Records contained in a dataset
-=-=-=-=-
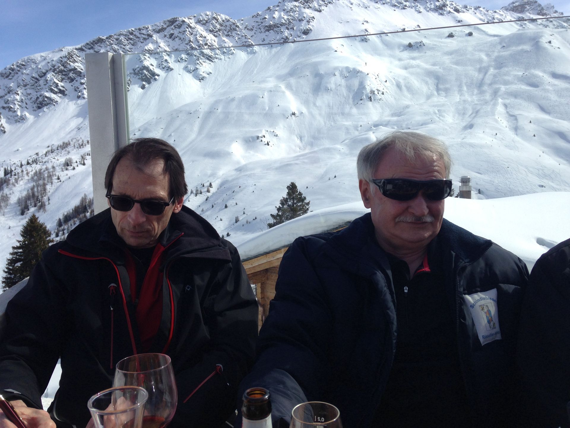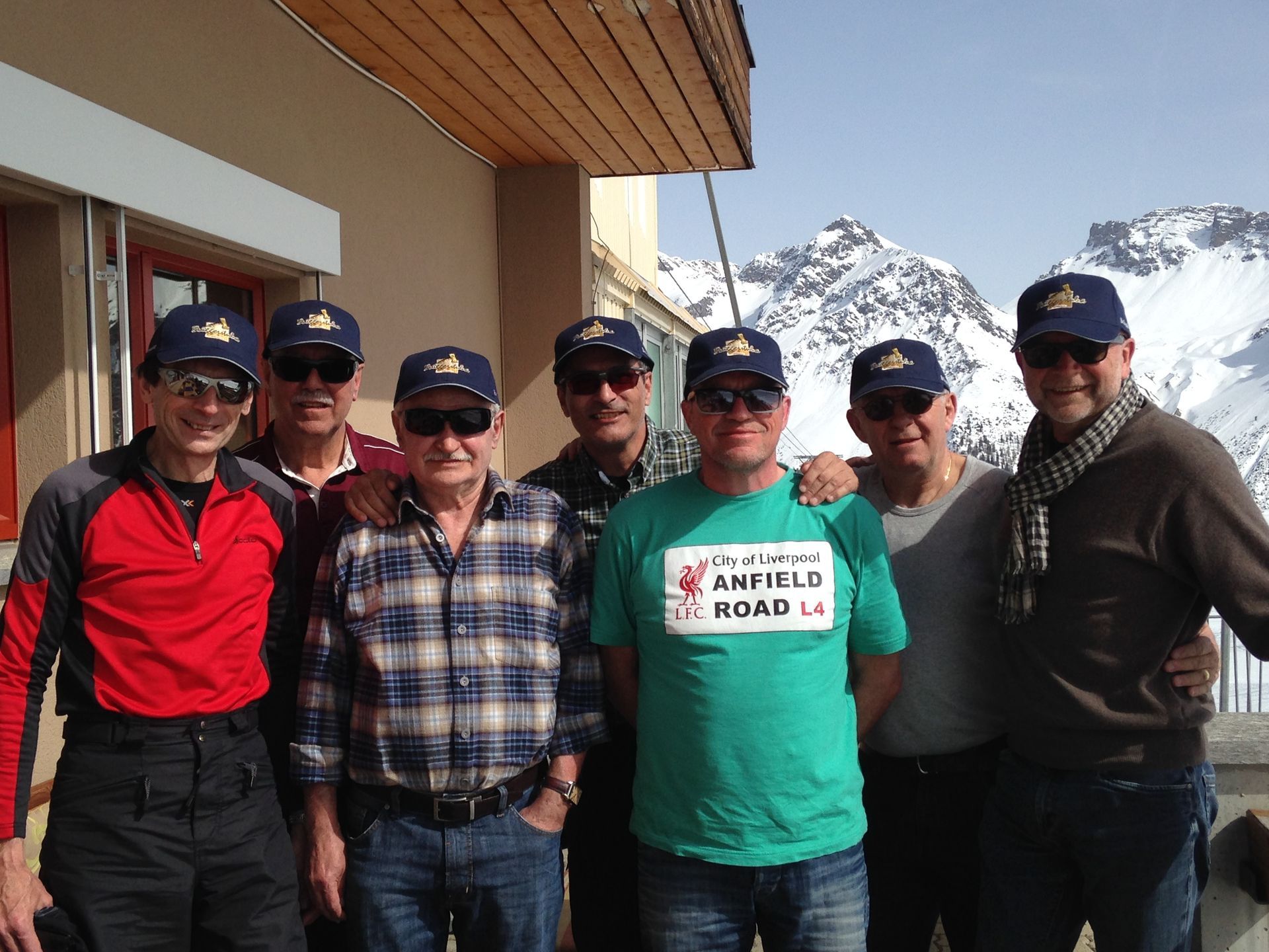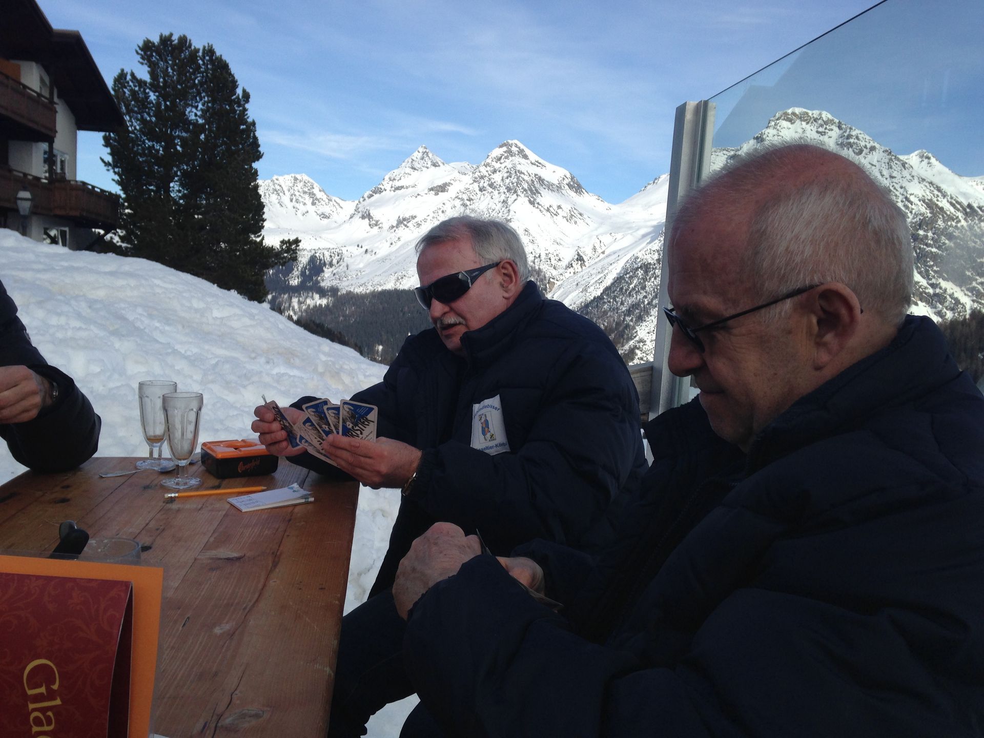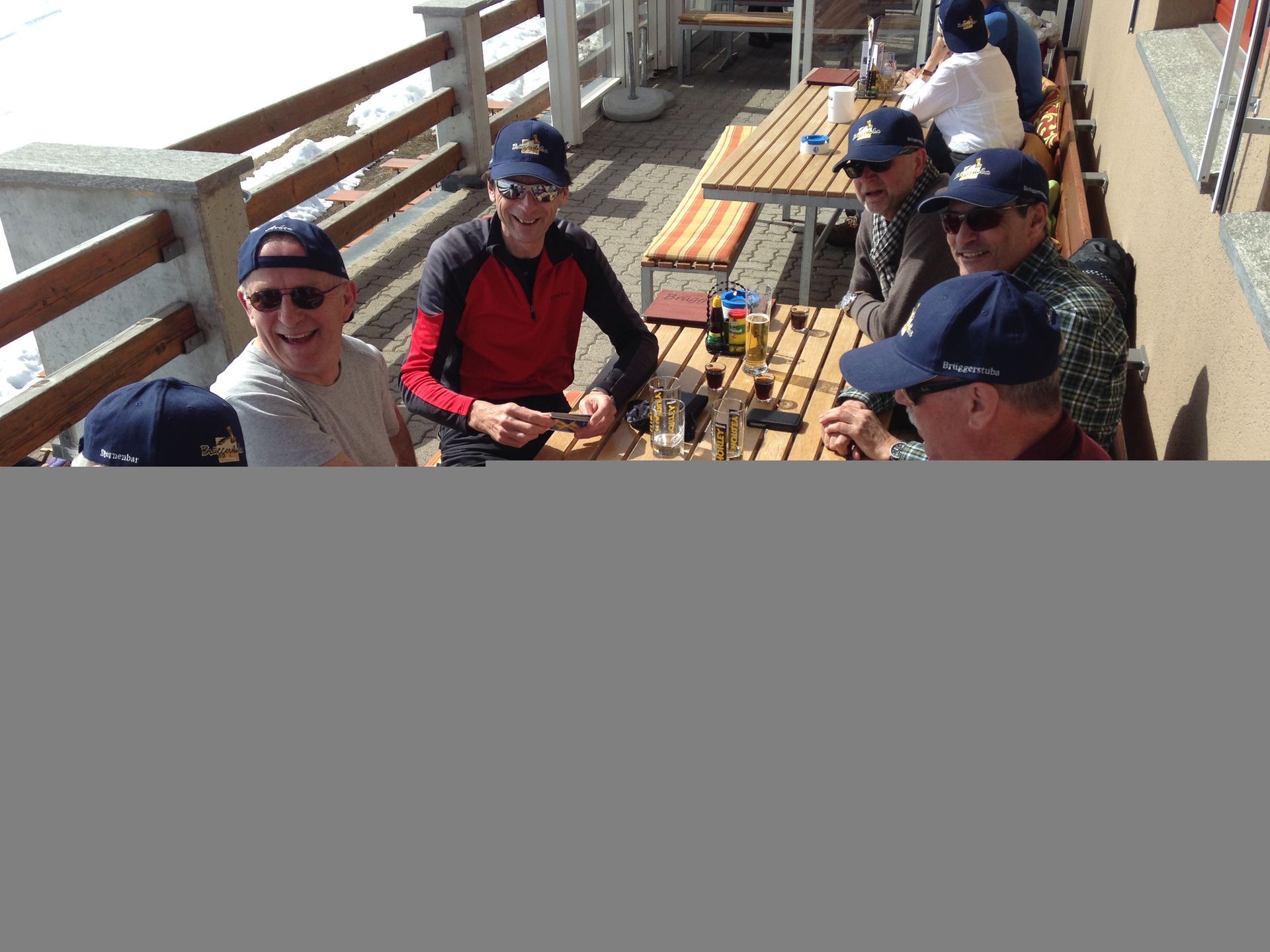 Von einem Abreisemontag keine Spur, „Speedy“ Hsws dank Sherpa Präsi um 9.00 Uhr auf der Piste, Luci wollte noch sein Retour- Billet vom Vortag einlösen, was misslang und so traf man sich zum gemütlichen Mittagessen auf der Terrasse der „Brüggerstuba“. Ein Privat-Setting von Hsws bei unserem Büsiater, vom Prostata-App von Dr. Vogel über die Grundfosspumpe zur Röteli Runde so näherte man sich dem Höhepunkt. Dazwischen der Serviettentrick von Stökker welcher jedem eine schöne Kappe bescherte und dann die Ueberredungskünste für die vierfach Schlussrunde beim 6 er Schälle….das war dann „Top of Arosa“ und die grosse Frage an Präsi „Vladi“ wie viel gibt 4x 33????
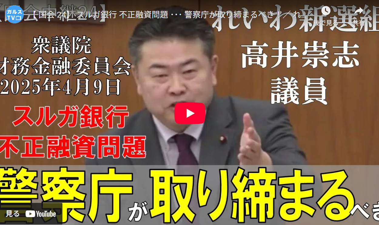 ■【 国会 24】 警察庁が取り締まるべき!/ れいわ新選組 高井崇志 議員 / 財務金融委員会
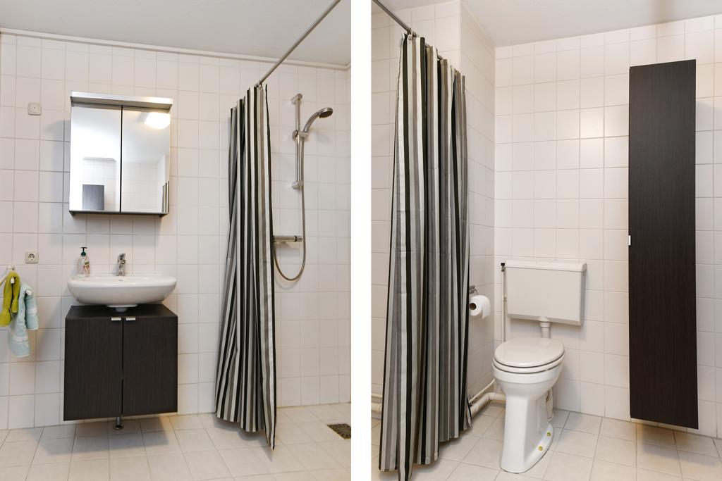 De badkamer is prima van maatvoering met een goede bewegingsruimte en is ingericht met een inloopdouche, badkamermeubel en wastafel met onderbouwkastje. De badkamer biedt ook de ruimte om de wasmachine en droger te plaatsen.
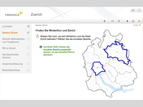 Genau das, was E-Learning auf mobilen Endgeräten so attraktiv und erfolgreich macht! Die App präsentiert dem Benutzer auf eine ansprechende Art und Weise Lernmodule und Selbsttest. Der Benutzer meldet sich einfach an und findet den Lerninhalt in einer interaktiven Übersicht wieder. Im Nu ist das gewünschte Lernmodul gestartet und steht jederzeit bereit, auch wenn der Benutzer zwischendurch anderen Tätigkeiten auf dem Gerät nachgeht. Das ist effizienter als im Browser, wo man oft den Überblick verliert.
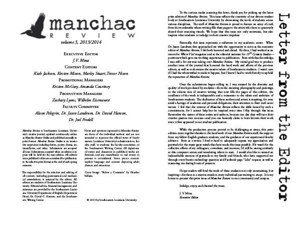 edition came together thanks to the hard work of our Manchac Review staff, the support
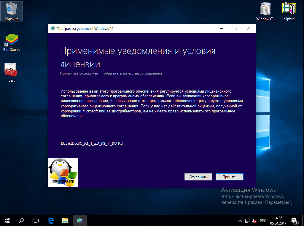 Обязательным шагом будет принятие лицензионного соглашения.
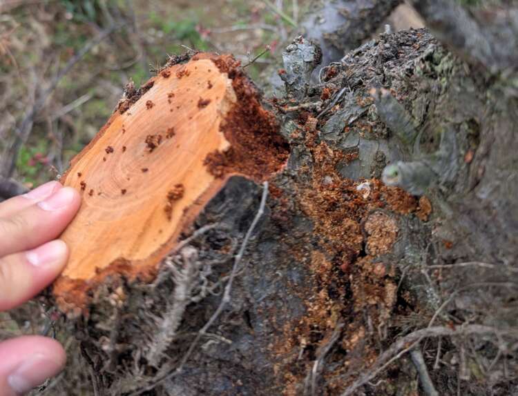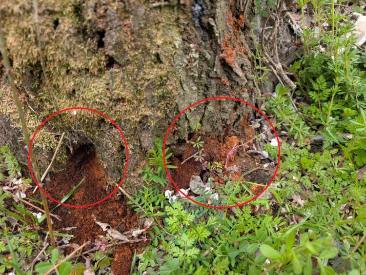 写真の赤丸部分が虫に入られて食べられているところ、木の内部を食べて食べかすを外に排出します。
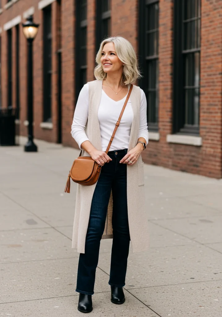 Longline vests instantly elongate the silhouette. Google Trends shows “longline vest outfit over 40” is growing, making it a versatile pairing for bootcut jeans.
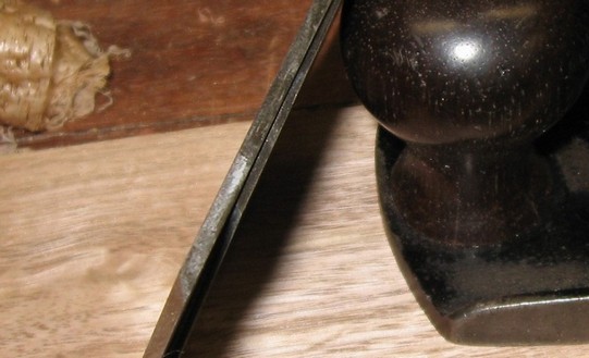I needed a thin blade, so decided to make one out of a piece of saw blade that was the right size and hardness. The big belt sander is a great tool – hardly ever been touched by wood, I use it for grinding metal. The steel was flattened, and both blades were honed up to 8000 on a Shapton waterstone. The thin blade was given a primary bevel of 35 degrees while the LN continued with its 30 degrees. Both blades were slightly cambered ala a smoothing plane. Both blades were given a fine hook with a thin carbide rod I use as a burnisher.
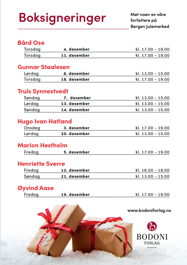I boden til Bodoni Forlag finner du et rikt utvalg av flotte bøker – spesielt for deg som er glad i historie, kultur og lokal litteratur. Her kan du få kjøpt årets nyheter, og dessuten et bredt utvalg av tidligere utgivelser til svært gode julepriser. Se mer i vår katalog. Du kan også møte våre forfattere på boksigneringer hver helg gjennom hele desember. Se oversikt lenger oppe på siden.
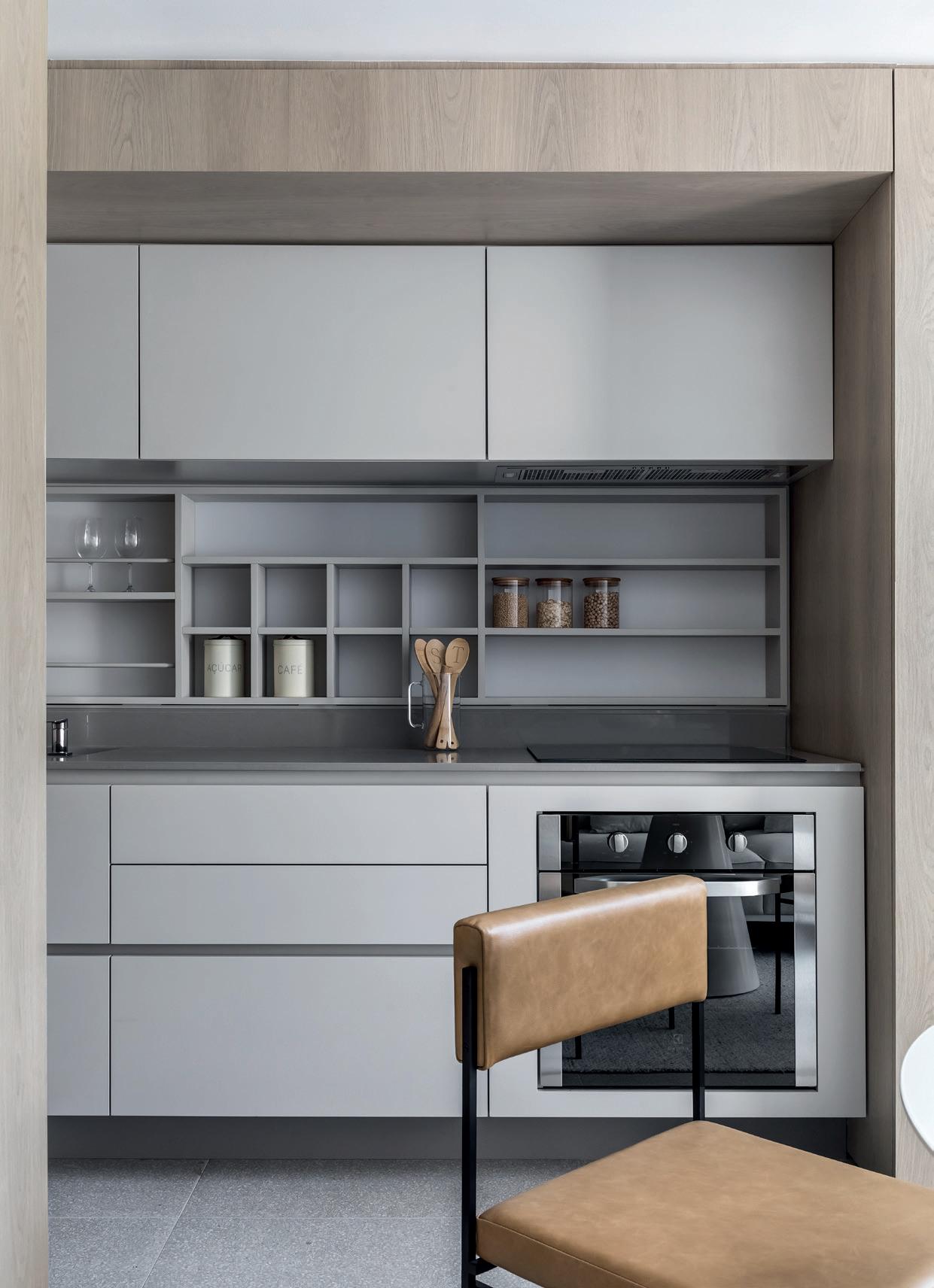 contemporâneo e minimalis ta, o décor conta com uma paleta de tons neutros com toques de cor nas obras de artes. O uso de madeira clara tem como objetivo ampliar a sensação de aconchego, contrastando com a força do cinza e tornando a lingua gem dos espaços singular e atemporal.
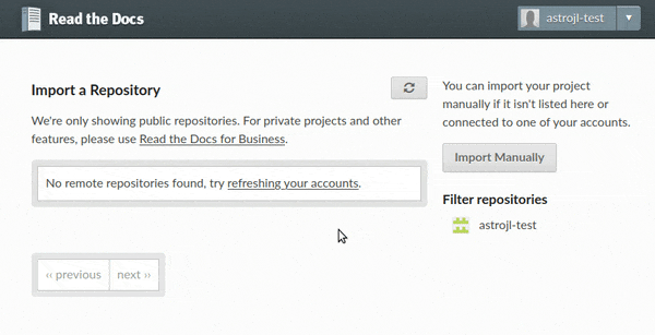 rtd-tutorialproject. If the list of repositories is empty, click the 🔄 button.
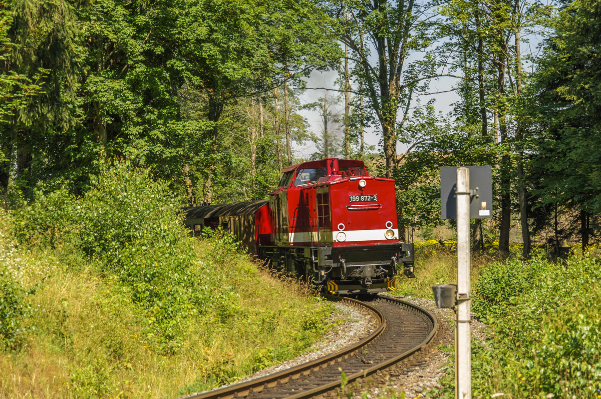 Heute war Diesel angesagt bei der HSB, 199 872 in Nordhausen Nord 14.08.2020 Leider ein Wolkenschaden und im Gegenlicht, so vorteilhaft bearbeitet wie möglich Stephan John
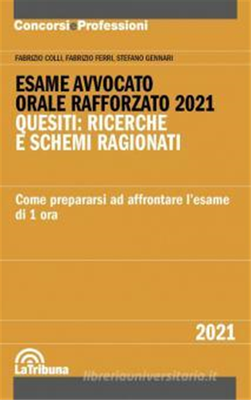 L'esame scritto per avvocato della sessione 2020 è stato riformato con l'introduzione di una "prima prova orale" abilitante alla "seconda prova orale". In sostanza, l'esame scritto è sostituito con una prova orale la quale prevede che la preparazione del candidato venga valutata in relazione alla sua capacità di comprendere e risolvere in 30 minuti un caso pratico in una materia scelta dal candidato tra diritto civile, diritto penale e diritto amministrativo, con l'ausilio dei codici e della giurisprudenza, per discuterne la soluzione successivamente con la Commissione. Si tratta certamente di una modalità di esame particolare che, tuttavia, potrà essere affrontata con tranquillità, se la preparazione sarà adeguata alle novità. In questa prospettiva nasce questo instant book; per aiutare i candidati all'esame 2020 ad adeguare la loro preparazione. In oltre vent'anni di preparazione dei candidati all'esame di avvocato, gli Autori hanno sempre insegnato come individuare rapidamente il quesito giuridico da affrontare per risolvere il caso pratico proposto e come esporre chiaramente il ragionamento che conduce alla soluzione. Forti di tale esperienza, proponiamo questo libro in cui sono compresi numerosi casi pratici (oltre 50) suddivisi per materia (diritto civile, diritto penale e diritto amministrativo), ciascuno corredato da uno schema delle attività da svolgere per guidare la ricerca sui codici e per l'impostazione del ragionamento espositivo della soluzione. Un valido supporto, quindi, per completare la preparazione e affrontare l'esame orale rafforzato senza paura.
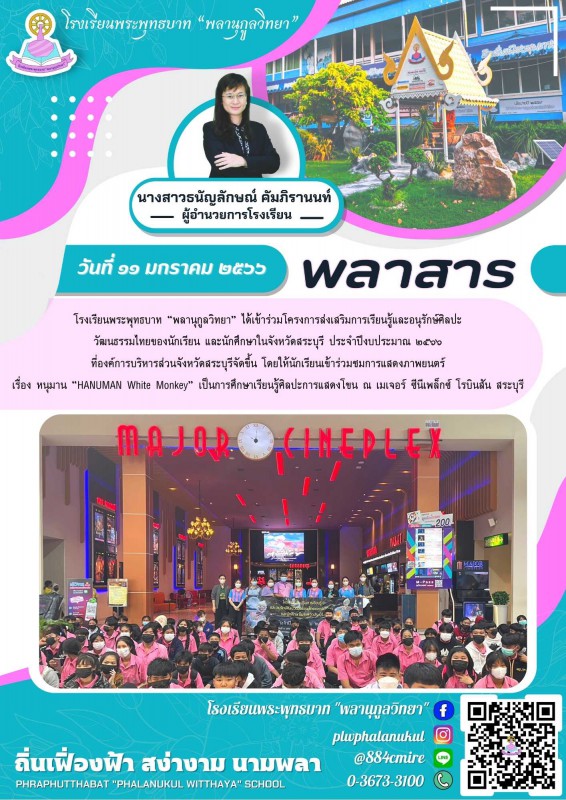 โรงเรียนพระพุทธบาท “พลานุกูลวิทยา” ได้เข้าร่วมโครงการส่งเสริมการเรียนรู้และอนุรักษ์ศิลปะ วัฒนธรรมไทยของนักเรียน และนักศึกษาในจังหวัดสระบุรี ประจำปีงบประมาณ ๒๕๖๖ ที่องค์การบริหารส่วนจังหวัดสระบุรีจัดขึ้น โดยให้นักเรียนเข้าร่วมชมการแสดงภาพยนตร์ เรื่อง หนุมา
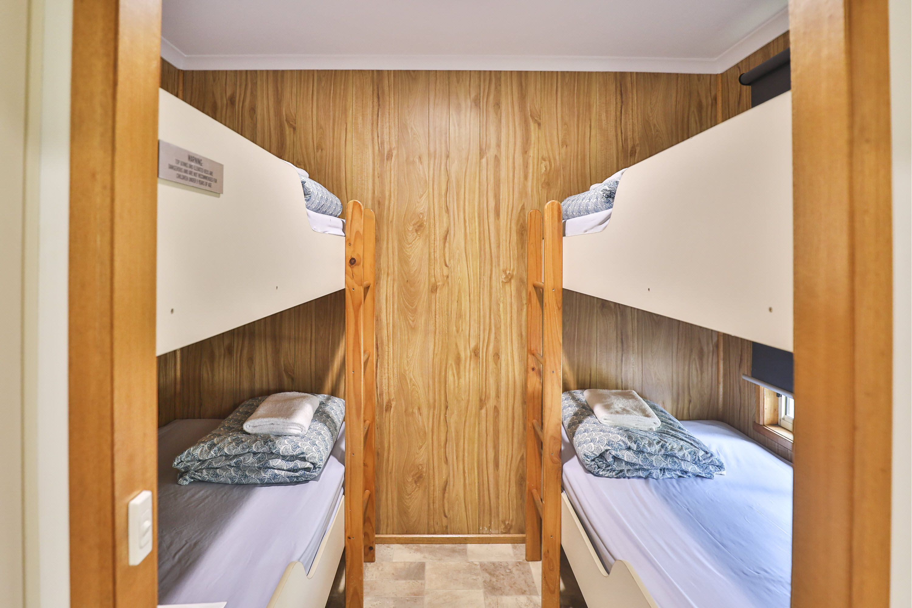 - Australian Standards state that children under nine years old should not sleep in top bunks. Please take this into consideration when making your booking.
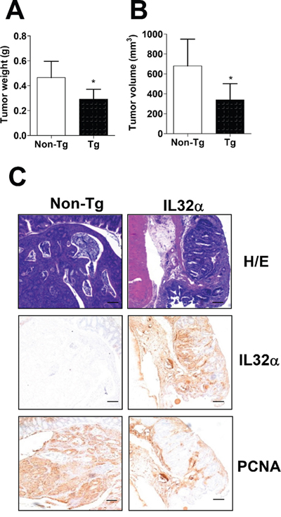 Figure 1: Inhibition of cancer development in IL-32α Tg mice. (A, B) 7-week-old non-Tg and IL-32α-Tg mice were injected intraperitoneally with 10 mg/kg of AOM once a week for 6 weeks. Mice were killed at 32 weeks after AOM injections. Colons were harvested and Tumor weight (A) and volume (B) were monitored. (C) Colon tissues were processed and stained with H&E or analyzed by immunohistochemistry for detection of positive cells for IL-32α and PCNA. The images are representative of three separate experiments performed in triplicate. Scale bars indicate 100 μm. *Significant difference from non-Tg mice (*p < 0.05).
-=-=-=-=-
EXERCISE AIM ::
Reproduce exactly the lines of the entries above from the first through the line with "De badkamer is", both included; pictures should not be reproduced.

TASK ANSWER ::
 Von einem Abreisemontag keine Spur, „Speedy“ Hsws dank Sherpa Präsi um 9.00 Uhr auf der Piste, Luci wollte noch sein Retour- Billet vom Vortag einlösen, was misslang und so traf man sich zum gemütlichen Mittagessen auf der Terrasse der „Brüggerstuba“. Ein Privat-Setting von Hsws bei unserem Büsiater, vom Prostata-App von Dr. Vogel über die Grundfosspumpe zur Röteli Runde so näherte man sich dem Höhepunkt. Dazwischen der Serviettentrick von Stökker welcher jedem eine schöne Kappe bescherte und dann die Ueberredungskünste für die vierfach Schlussrunde beim 6 er Schälle….das war dann „Top of Arosa“ und die grosse Frage an Präsi „Vladi“ wie viel gibt 4x 33????
 ■【 国会 24】 警察庁が取り締まるべき!/ れいわ新選組 高井崇志 議員 / 財務金融委員会
 De badkamer is prima van maatvoering met een goede bewegingsruimte en is ingericht met een inloopdouche, badkamermeubel en wastafel met onderbouwkastje. De badkamer biedt ook de ruimte om de wasmachine en droger te plaatsen.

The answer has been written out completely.